By William Peacock, Esq. on April 05, 2013 | Last updated on March 21, 2019

This could get ugly.

In the days before Christmas, Holly Lobby was given neither 2 turtle doves, nor 11 pipers piping. Instead, the self-described "evangelical Christian" owners were given something far less desirable: a rejection of their request for an injunction against enforcement of the Affordable Care Act's birth control provisions.

The craft store conglomerate owners take issue with the requirement to provide the "morning after" and "week after" pills, which per their beliefs, are tantamount to providing abortions.

Unfortunately for them, the lower court ruled that there is an exception in the Religious Freedom Restoration Act (RFRA) for secular for-profit businesses and that enforcement of the Obamacare mandates would not substantially burden their exercise of religion.

Though the mandate took effect on January 1, Hobby Lobby found a loophole. By shifting their plan dates, they were able to avoid fines for a few months. However, once their time runs out, they will face up to $1.3 million in fines per day.

In late February, 11 Republican Congressman, led by Sen. Orrin Hatch of Utah, submitted an amicus brief in support of the chain's challenge of the mandate. Their brief incorporates SCOTUS's definition of corporations as people, as well as the legislative intent of those who passed the RFRA (including the eleven Congressmen behind the amicus brief).

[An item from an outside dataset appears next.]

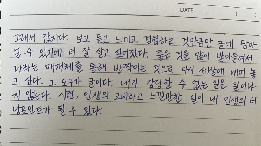 보고 듣고 느끼고 경험하는 것만큼만 글에 담아낼 수 있기에 더 잘 살고 싶어졌다.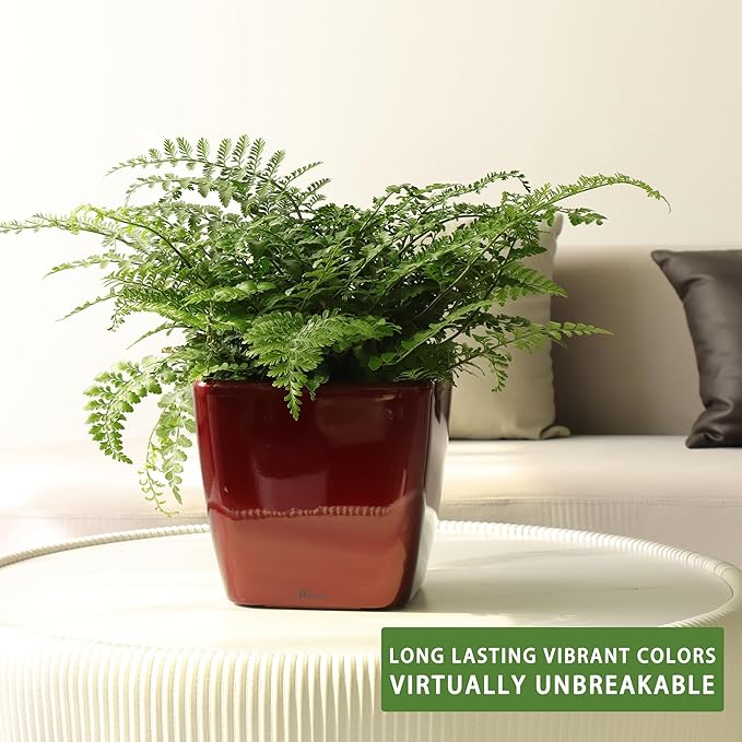 Dexceder 11x10 Self Watering Planter Indoor Outdoor, Inner Mat Design, Thickened Table Flower Plant Pot with Water Level Indicator (Red High Gloss)

The brief argues that the RFRA was intended to apply a "single, religion-protective principle for evaluating all actions of the federal government that substantially burden the exercise of religion." Instead of a single principle, however, the lower court carved out the aforementioned exception for secular for-profit businesses.

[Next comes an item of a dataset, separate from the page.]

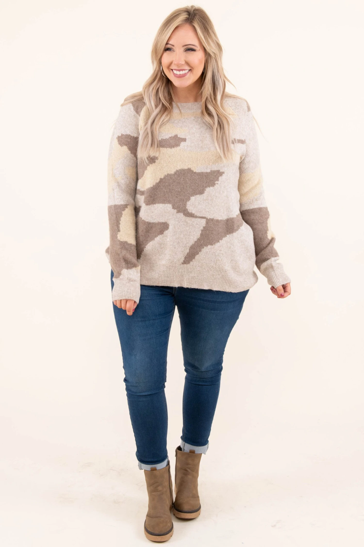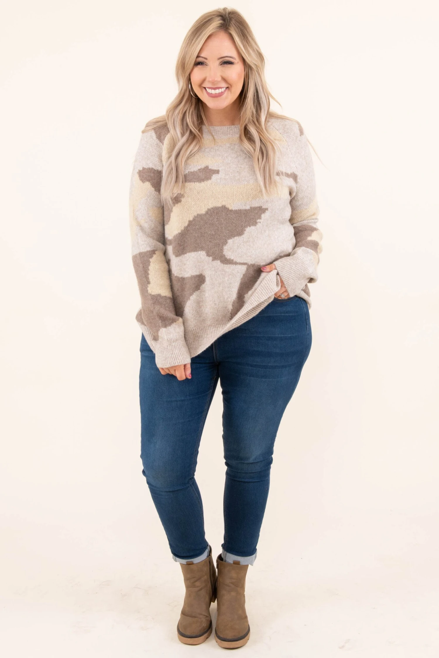 You can wear this sweater from dusk til dawn! This top has a trendy camo print pattern you can style with your favorite pieces! It’s comfortable for all-day wear and is super soft! Wear this sweater with skinnies for an effortlessly chic look!Â

In other words: Christian-owned businesses have the same rights under the RFRA as Christian people.

Something they, or the counsel for Hobby Lobby said must've struck a nerve. The Tenth Circuit just granted an en banc rehearing of the case - which according to one legal commentator, Ian Millhiser, argues is "an ominous sign for women workers."

He makes a few good points. En banc hearings are often granted when the majority disagrees with the three person panel's ruling. Furthermore, 6 of the 10 active judges are Republican appointees (though one Republican appointee is recused).

The question before the Tenth Circuit is almost certainly going to involve the reach of the RFRA. While Sen. Hatch et. al. argue that it broadly protects corporations and people's religious freedoms, Millhiser argues that it merely restored the rule of United States v. Lee, which prohibited employers from "impos[ing] the employer's religious faith on the employees."